Para que não haja dúvidas, o general Vasco Lourenço, mestre da GOL (a verdadeira, a da Bayer), veio hoje a terreiro declarar que os bons princípios da Maçonaria estão a ser subvertidos pelos "maus" maçons. A estes chamou de "gangs", que só desprestigiam a irmandade e devem ser combatidos. Não está certo...
Avizinham-se sangrentas guerras de "gangs" nas ruas da capital do reino da hipocrisia.

2012/01/02

As origens da crise e os votos do bispo do Porto

Os primeiros minutos de 2012 trouxeram-me uma surpresa. Estava com um grupo amigos, numa situação informal de celebração da passagem do ano, e a conversa foi parar à crise e ao futuro do país. Um dos presentes falava-nos da filha, economista a trabalhar desde há pouco tempo em Espanha, numa situação de desafogo e privilégio. O pai tinha-lhe pedido que descrevesse o seu novo trabalho. Ela contou-lhe que uma das suas tarefas, no quadro da gestão de "recursos humanos", era despedir pessoal.
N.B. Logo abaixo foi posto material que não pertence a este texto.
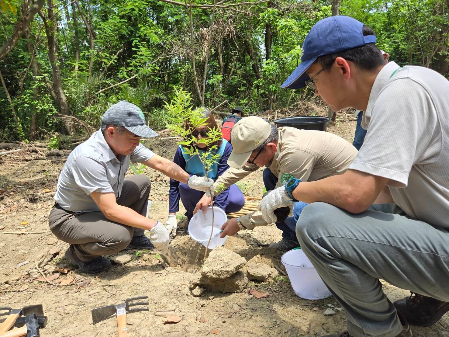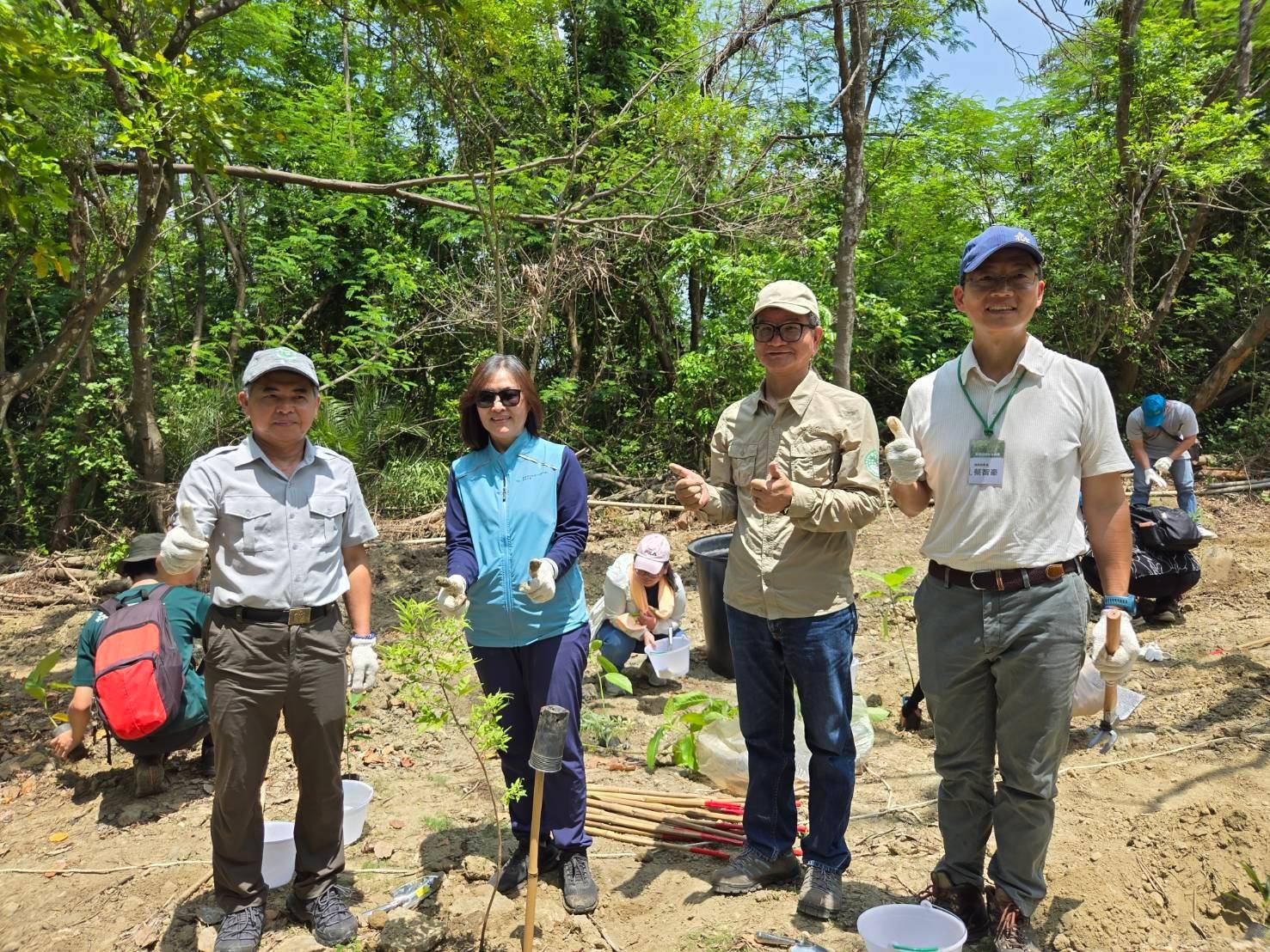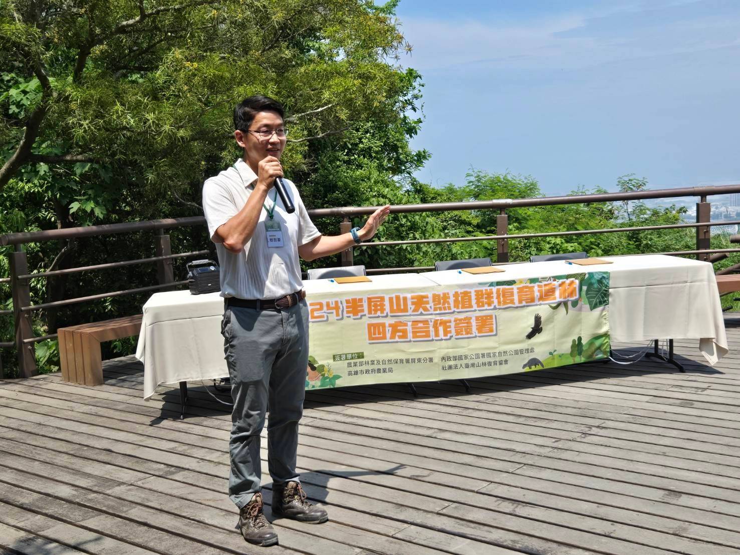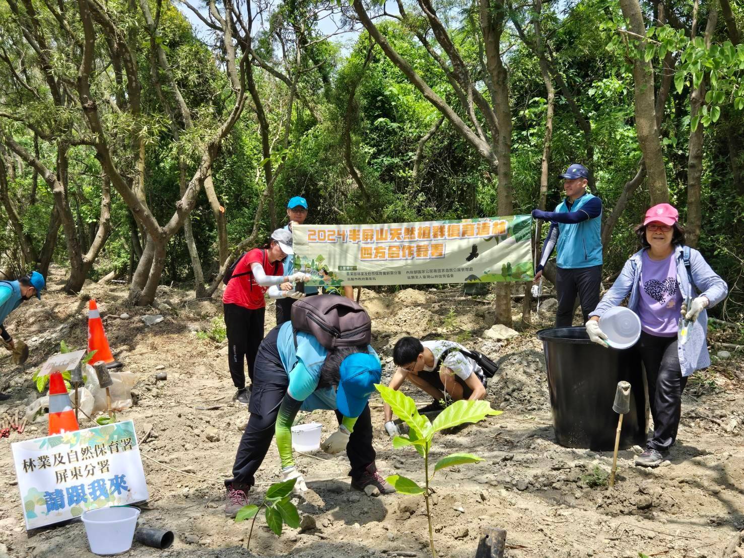 每年的5月22日是生物多樣性日,林業保育署屏東分署楊瑞芬分署長、內政部國家公園署國家自然公園管理處張登文處長、高雄市政府農業局鄭清福副局長及社團法人臺灣山林復育協會蔡智豪執行長帶領4個單位的夥伴,為復育高雄巿左營區半屏山原生植物生態,特別在今日共同簽訂四方合作備忘錄,齊力推動半屏山復育造林工作。 半屏山保安林是北高雄都會區生態廊道的重要據點,但因早期採礦後,為快速植生覆蓋而種植大量銀合歡,導致入侵原生植物的生長範圍。本次半屏山原生植物復育造林活動,是第一次以在地採種在地復育方式進行,所有的小苗都來自半屏山週邊的原生種子;採生態控制法,即不砍除週邊銀合歡上木的方式,直接進行苗木種植,復育造林面積約0.1公頃,種植稜果榕、恆春山枇杷、九芎、大葉楠、皮孫木、水團花、黃荊、無患子、山柚等9種原生樹種等共200株,現場登山民眾也一起參與,人數計75人。 楊分署長致詞表示今天是宣誓、合作、也是執行,今年的生物多樣性主題是be part of the plan,所以我們在半屏山以自然解方的方法復育天然植群,也在百年半屏山保安林的時間軸上,再用一個百年恢復生物多樣性,最後是四個單位願意公私協力全力參與,一定能成功復育原生植群。 張登文處長表示,半屏山是週邊居民重要的自然環境,跟壽山週邊連成一串綠寶石,早期的人為開發對棲地的破壞,也期待開始縫補生態破口,共創更好的生態環境。 鄭副局長清福風趣的說,他簽署的合作備忘錄都一定成功,未來有很多與自然及生物多樣性有關的創新工作可以推動,例如燕巢泥火山環境教育園區,會攜手更多夥伴持續努力。 蔡智豪執行長則從生態功能的意義,告訴大家銀合歡已經佔據了生態棲位,如果全數砍除,也只會創造銀合歡小苗,所以要有演替後期的植物逐步取代銀合歡的棲位,恢復至少100種高雄原生植群,共同見證歷史。 四個公私部門在推動當地植群復育、提升高雄淺山森林生態功能,助益生物多樣性之恢復的共同目標下,由台灣山林復育協會採種半屏山原生植物並進行苗木生長監測、高雄市政府農業局育苗、林業保育署屏東分署及國家自然公園管理處分區造林及撫育,分工合作持續復育當地原生植物,以不砍除銀合歡方式在林下補植增加原生樹種及數量,以至少100種、4800株為目標,今年復育面積0.54公頃,透過跨機關公私協力的合作,以生態方法抑制銀合歡的生長,不大面積人為擾動,慢慢恢復半屏山在地植群及生態環境。林業保育署屏東分署也邀請大家一起行動,關注原生樹苗的生長,共同復育半屏山保安林天然植群的生物多樣性。

Em tempo de crise a tarefa não era simples nem agradável, mas tinha de ser cumprida em nome das boas e sacrossantas normas de gestão. Perante uma divergência de opinião sobre este assunto, o pai disse-lhe que quando estivesse a cumprir essa sua função se lembrasse das suas origens. Antes de despedir alguém, ter-lhe-á sugerido, tinha de ver para além dos números e das estatísticas. Só havia uma atitude correcta a ter num caso destes. Tinha de se lembrar que estava perante um ser humano, certamente com família, não de um robô ou de uma qualquer máquina que constasse do imobilizado da empresa.
Algum tempo depois, a filha contava ao pai que tinha sido encarregada de despedir um funcionário, português como ela, originário da mesma região, que a conhecia a si e à sua família. "Tu vais-me despedir," ter-lhe-á dito, "e vais continuar a poder dar de comer aos teus filhos, mas eu vou deixar de poder alimentar os meus." Antes de consumar o despedimento do funcionário, ela apresentou a sua própria demissão.
Fui apanhado de surpresa com este relato, confesso. O pai contava isto com um enorme, óbvio e justificado orgulho. Não há, de facto, nenhuma outra alternativa eticamente defensável.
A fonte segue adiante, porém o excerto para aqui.